She and her team have run CORE’s test bank through a wide range of LLMs to map where they get economics right and where they get it wrong, using Ethan Mollick’s jagged frontier concept as the framework. The result is a deliberate redesign of how AI is used in her classroom: as a Socratic tutor for the algorithmic questions inside the frontier, and as a foil to be questioned for the conceptual ones outside it. The CORE reading tutor, designed by Tamoghna Halder at Azim Premji University in Bangalore, is the next piece, built to help students rebuild the capacity for sustained, critical reading that the LLM era is taking from them.

This series is on AI’s disruption of entry-level work and what universities should be doing about it, or should think about it. Give us a quick picture of what you have been doing at CORE right now, and how that ties to that question.

I think there are a number of ways into this, and it’s probably good if we step through them.
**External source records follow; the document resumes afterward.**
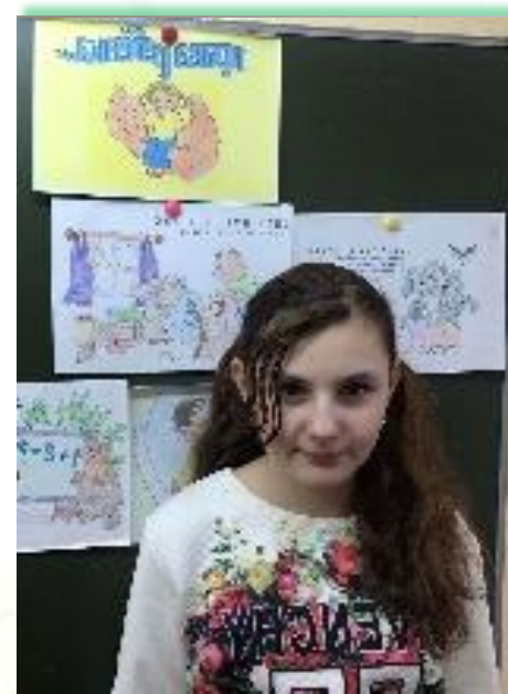
ГОКУ ИО «Специальная (коррекционная) школа № 33 г. Братска»
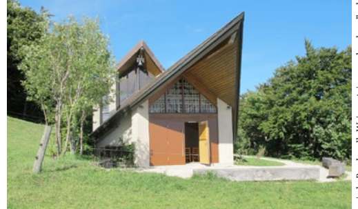
Stiftung Ökumenische Bergkapelle Weissenstein, www.bergkapelle.ch
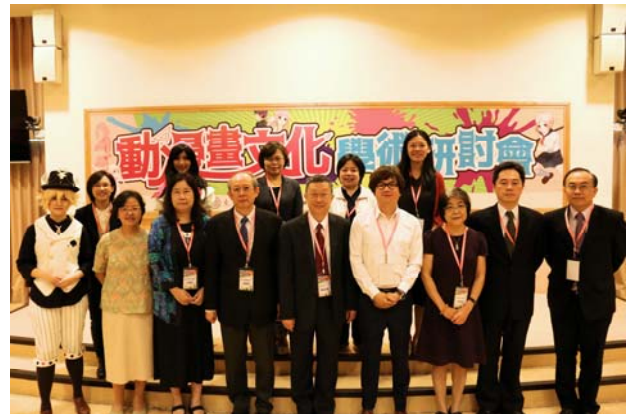
【貴賓與論文發表人合影】
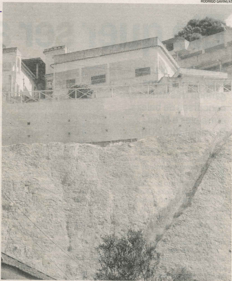
OBRA para impedir que terra ceda será entregue em setembro, diz prefeitura

“Esta obra veio até atrasada, pois a situação aqui estava muito crítica.
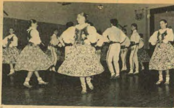
A diretoria da Escola São José reuniu pais e alunos no dia 26, quando foi apresentado o show do Grupo Folclórico Polonês do União Juventus, de Curitiba.
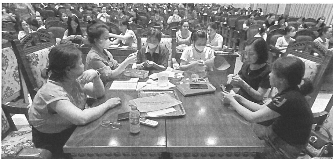
Giáo viên thực hành sử dụng học liệu của chương trình STEM

Chương trình STEM Số hóa do Trí Việt phát triển có nhiều ưu điểm như bám sát khung nội dung “Chương trình GDPT mới” Bộ GD &ĐT, đồng thời cũng trải qua quá trình thẩm định gắt gao của hội đồng Khoa Học Tâm lý Việt Nam. Đặc biệt, học liệu trong chương trình được số hóa tích hợp vào hệ thống quản lý nội dung (CMS), theo định kỳ, học liệu sẽ được chuyển đến trường theo lộ trình học. Ngoài ra, ứng dụng Web – App Hacking STEM Trí Việt hỗ trợ học sinh rèn luyện tại nhà và kết nối với nhà trường, giáo viên, phụ huynh và học sinh trong toàn bộ tiến trình học.

What we did at CORE over the first decade and a bit was to create a new way of teaching economics at the starting level for students. The reason we did that is because the way it was being taught didn’t meet the needs of either students or employers. I don’t know if you did an introductory course, but the traditional way of teaching was to just have some models and teach models and then often provide trivial applications of those models.

What students coming into the classroom really want is a set of tools that help them understand how the world works. So, I look out the window, and I want to be able to have a sense of how I can explain what’s going on.

That was our whole motivation, and the learning model that we used was actually the way that one of our colleagues told us that people learned to play the tabla, Indian drums, where people start from the complex coda at the end of a piece. Beginning students start by learning the complicated but really rewarding final passage. And they practice and practice and practice that. And then they move a few bars closer to the beginning and they learn those passages, and then they can go back towards the end, and they get a great sense of satisfaction.

We wanted to bring that into the classroom and say, let’s start with a complicated question that you actually care about. It will be too complicated to begin with, but that’s where we’re going to start. We’re going to work back from that and think about what kind of data is a good way of conceptualizing in quantitative terms what we are interested in. And then we say, what kind of models from economics shed light on that question? And then each time we go back to that complicated question with your new powers, your new superpowers from economics, you get that same sense of satisfaction.

That’s how we approached bringing together new content with new pedagogy in the CORE project. And we brought a whole community of researchers on board because researchers are actually working on the problems that we face. It’s just that it often hadn’t crossed their minds that their research could be brought into the introductory classroom.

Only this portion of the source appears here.